Britain called the arrests "harassment and intimidation" and demanded the release of the embassy employees.
Supreme Leader Ayatollah Ali Khamenei denounced what he called "interfering statements" by Western officials following Iran's disputed presidential election, state media reported.
"If the (Iranian) nation and officials are unanimous and united, then the temptations of international ill-wishers and interfering and cruel politicians would no longer have an impact," state radio quoted Khamenei as saying.
Khamenei on June 19 called Britain the "most treacherous" of Iran's enemies which he accused of orchestrating an unprecedented outpouring of protest after the June 12 poll.
"Eight local employees at the British embassy who had a considerable role in recent unrest were taken into custody," the semi-official Fars news agency reported on June 28, without saying when the detentions took place.
The authorities, while taking tough action to snuff out any embers of protest, have repeatedly accused Britain and the United States of inciting the turmoil. Both countries deny it.
"This is harassment and intimidation of a kind that is quite unacceptable," British Foreign Secretary David Miliband told reporters at an international conference in Corfu.
"We want to see (the embassy staff) released unharmed."
The detentions will further strain ties between London and Tehran, who have already expelled two of each other's diplomats since the election sparked the gravest internal challenge to the Iranian authorities since the 1979 Islamic revolution.
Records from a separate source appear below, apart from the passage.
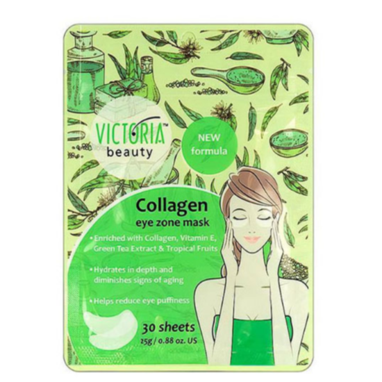 ВБ МАСКА ЗА ОЧИ С КОЛАГЕН 30 БР. Маската с колаген за зоната около очите Victoria Beauty е специално разработена за грижа за нежната зона около очите. Маската въздейства на кожата, като я хидратира в дълбочина, правейки я сияйна и свежа на вид, освен това намалява признаците на стареене, благодарение на формулата богата на активни съставки.
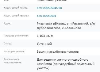 💲 Какая средняя цена продажи участка в селе Алеканово, Рязанская область?
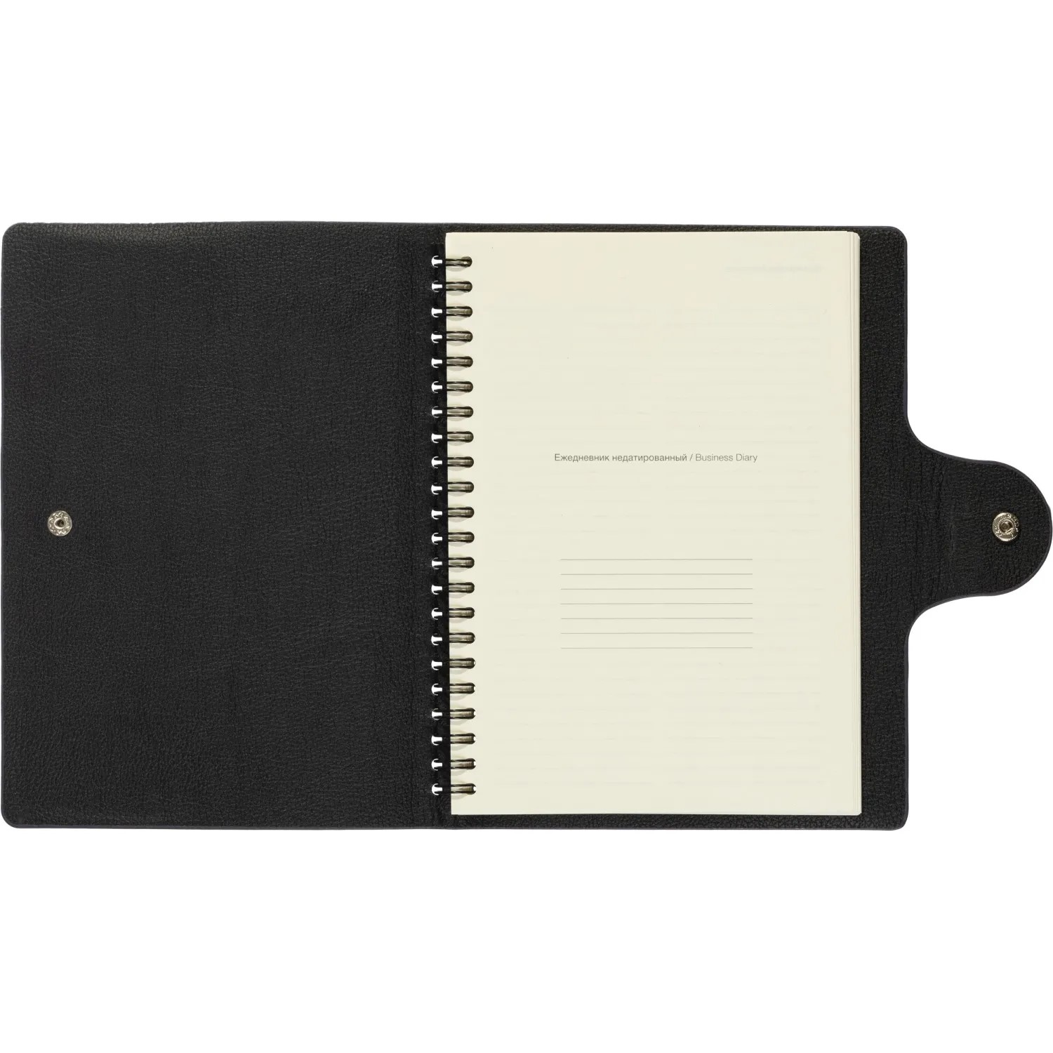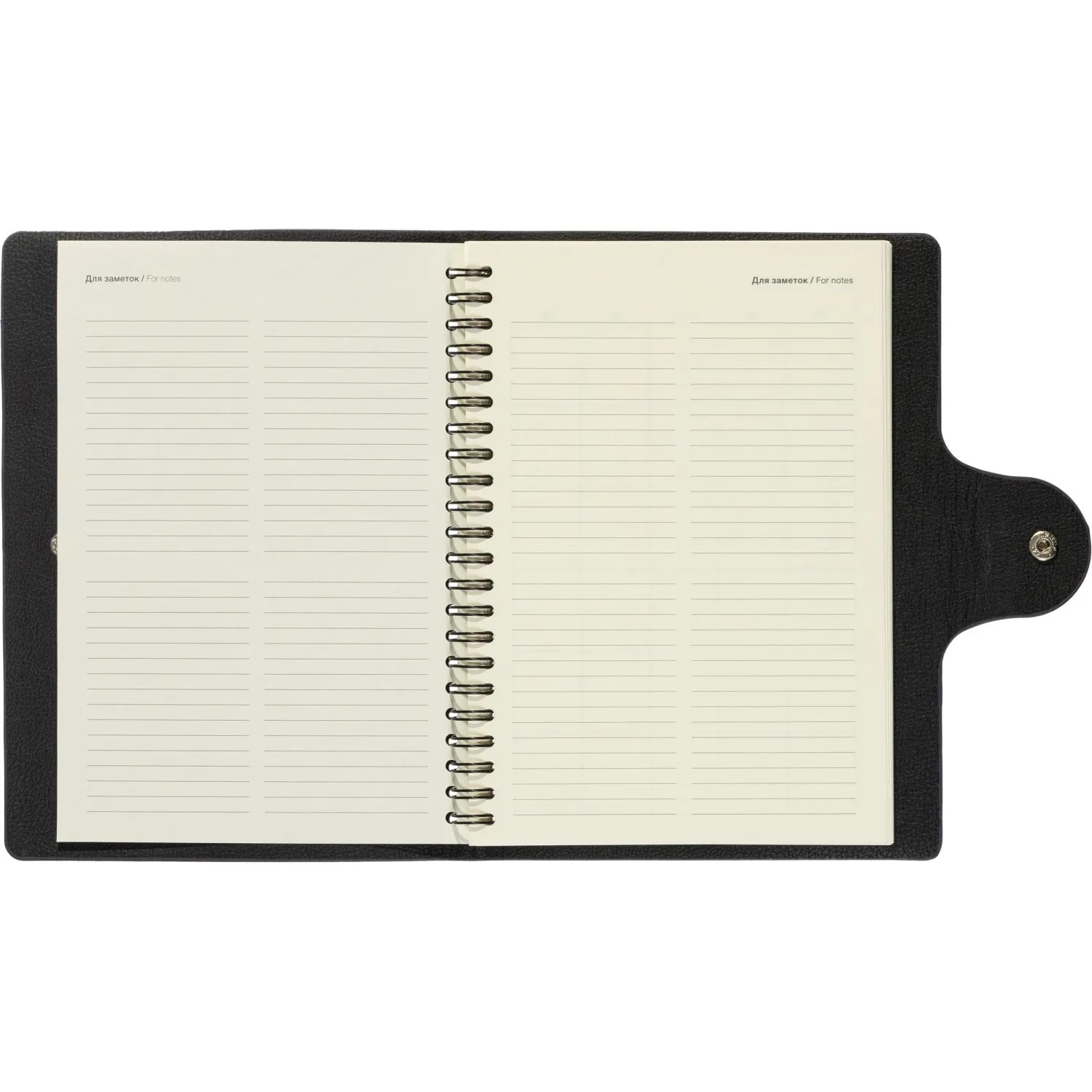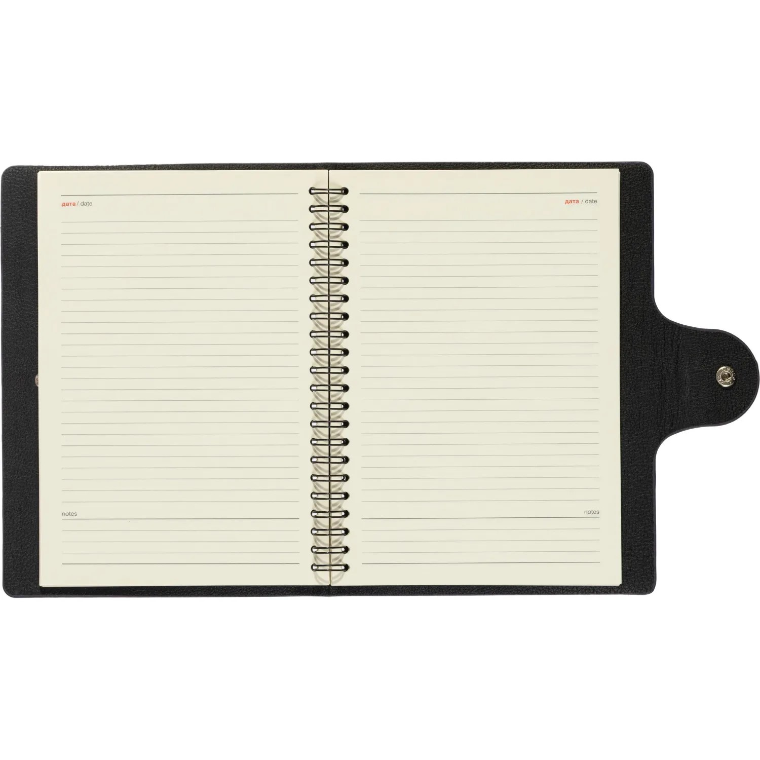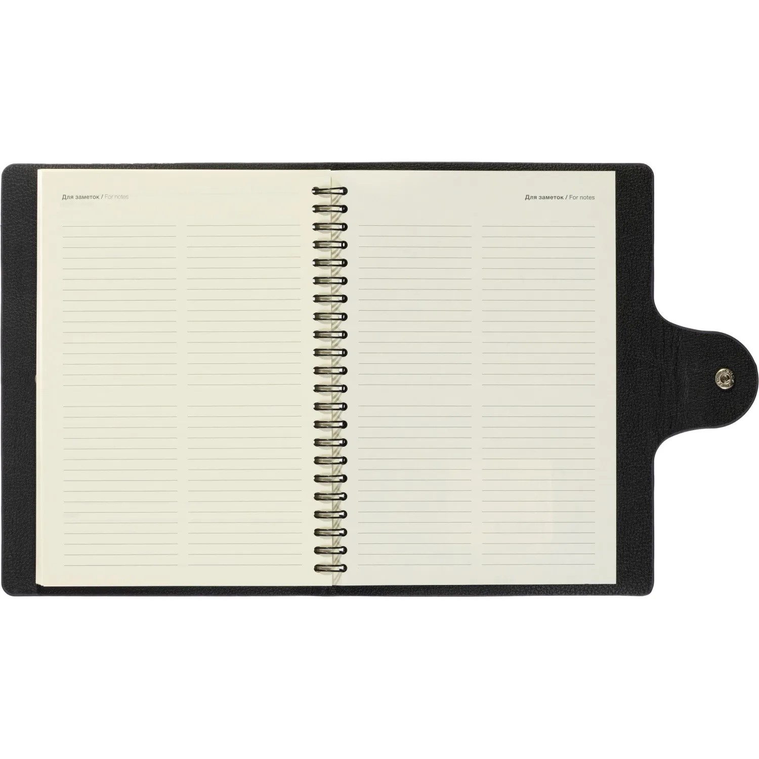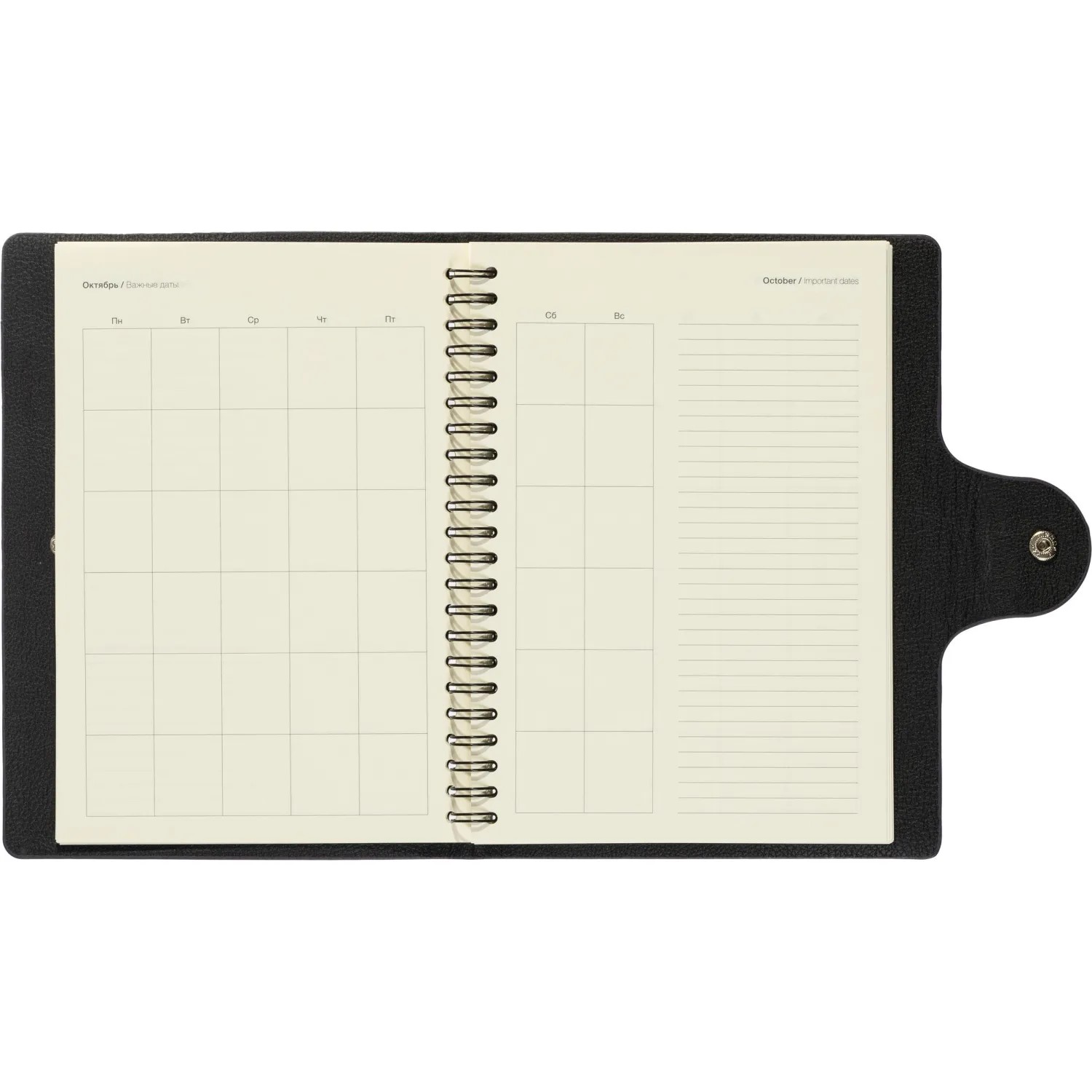 Внутренний блок состоит из 96 листов (192 страницы) высококачественной бумаги цвета слоновой кости плотностью 70-90 г/кв.м. с прямыми уголками и линовкой в линейку. В ежедневнике предусмотрен информационный блок с титульным листом, планером на каждый месяц и разворотами для заметок в начале и конце блока.
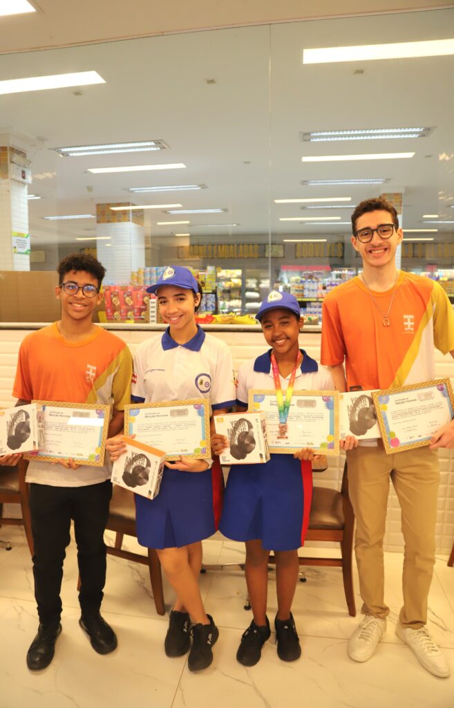 Os alunos que, com dedicação, esforço e apoio de professores e famílias, se destacaram e receberam as premiações, foram presenteados pela Prefeitura com fones de ouvido e um copo térmico. “Participar da OBMEP significa colocar nossos alunos em contato com situações-problema que exigem criatividade, dedicação e disciplina. Cada conquista representa não apenas o reconhecimento individual, mas também o orgulho e a valorização da escola pública, incentivando novos estudantes a acreditarem em seu potencial”, destacou Geisa.
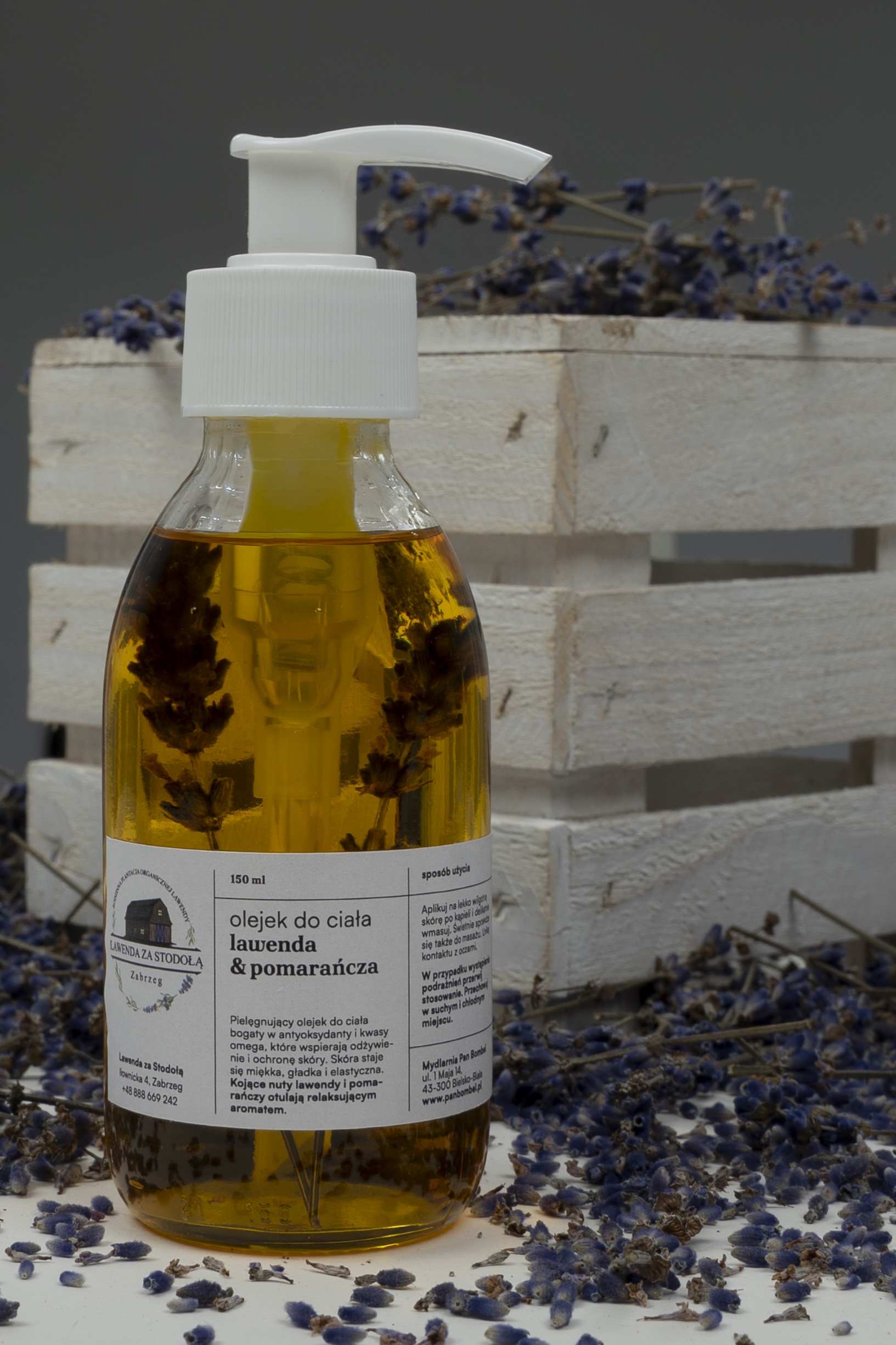 Olej do ciała lawenda-pomarańcza – ukojenie i zmysłowy relaks Złocista esencja, która otula skórę niczym ciepły, letni zmierzch na naszej plantacji. Gdy tylko rozprowadzisz olej dłońmi, poczujesz, jak napięcie dnia ulatnia się wraz z
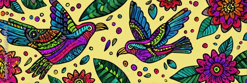 Colorful Birds and Vibrant Flowers in a Whimsical Design Showcasing Natures Beauty and Artistry
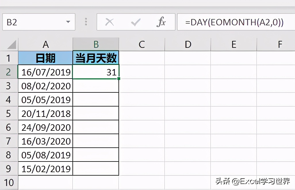 - 该公式表示返回上述函数计算出的最后一天的日。比如,31/07/2019 的日就是 31,也就是当月天数
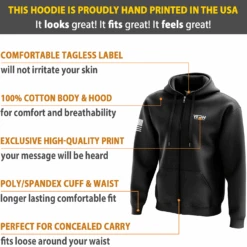 Wear this zip hoodie loud and proud! Our exclusive zipper hoodie is proudly 100% MADE IN THE USA. That’s right – from where the cotton is grown all the way to where the bad*** design was printed – EVERYTHING about this item was made right here in America! Now you can stop buying other brands’ so-called “patriotic” hoodies that were made overseas.

The streets of Tehran have sunk back into a sullen calm after riot police and religious basij militia crushed huge demonstrations in which at least 20 people were killed.
Official results showing hardline President Mahmoud Ahmadinejad won re-election by a landslide were met with disbelief by many Iranians who agreed with complaints by the
runner-up, Mirhossein Mousavi, that the vote was rigged.
Mousavi has repeated demands for the election to be rerun, in defiance of Khamenei who declared the poll fair, but he appears to have dwindling options for any further challenge.
The Guardian Council, Iran's top legislative body, is to give its final verdict on the election by Monday. The 12-man body has offered a partial recount -- rejected by Mousavi and fellow-candidate Mehdi Karoubi -- but it has already described the poll as the healthiest since the revolution.
British Prime Minister Gordon Brown has condemned violence and media censorship in Iran since the election. Britain suspended its diplomatic ties with Iran after the Islamic revolution in 1979, only reopening an embassy in 1988, following the Iran-Iraq war. Full normalization only took place in 1998.